From Delaware Online
Goldman Sachs’ expansion into retail lending is bringing a sliver of the investment bank’s operations into the credit card hot spot of Delaware.
Officials at the storied 150-year-old bank said they are securing a temporary lease for offices along the Wilmington Riverfront to house the company’s initial set of Delaware hires, estimated at 25 to 50 people.
The company plans to employ about 150 people in Wilmington at the end of next year, said Chantal Garcia, chief operating officer for Goldman Sachs’ Consumer Business.
Garcia declined to disclose the exact location of their initial office along the Riverfront, but noted it would be a small space. Later, the company will move to more expansive offices, she said.
“We have not yet determined … our long-term location, in part, because there are potential other businesses or partners within the firm that may be interested in co-locating with us,” Garcia said, noting that compliance operations might also expand into Delaware.

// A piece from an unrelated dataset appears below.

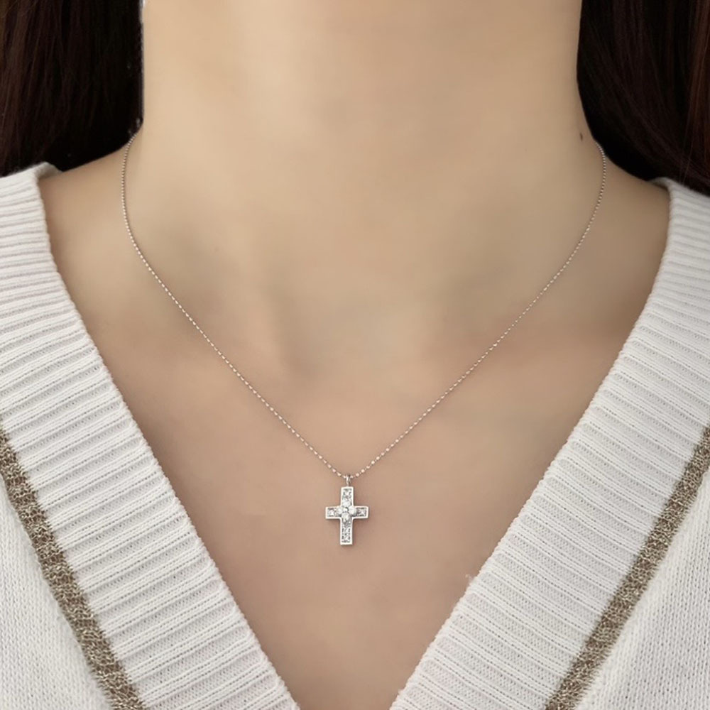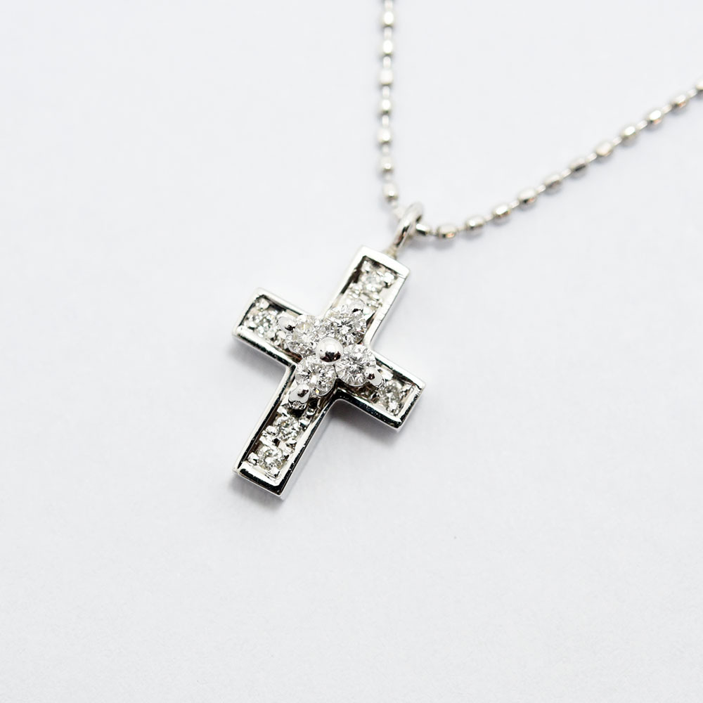 ダイヤモンドが煌めく、クロスモチーフのヴァンドーム青山のネックレスです。新品仕上げ済みです。 |

The news is certain to be welcomed by city and state officials, who have poured hundreds of millions of dollars over 25 years into a transformation of the Riverfront, once a declining industrial area.
While today it features modern offices, apartments and restaurants, the revitalization of the city’s overall core has been plagued in recent years by a roller coaster of restructuring within the financial services industry.
Last year, the British bank Barclays moved 500 Riverfront jobs to New Jersey.
In June, Delaware officials announced plans to give the bank $2.5 million in taxpayer grants to create another 300 jobs in Wilmington.
Garcia said Goldman Sachs last week began conversations with the state’s private economic development agency about potential incentives.
She said Goldman Sachs is committed to Delaware, whether or not it receives taxpayer grants. She noted the company already has extended offers to a portion of what will be its new Delaware workforce.
Goldman Sachs’ officials chose Delaware over locations in Texas, Utah and Illinois, Garcia said, because of the state’s substantial pool of finance workers, its relatively low cost of living and its proximity to the bank’s headquarters.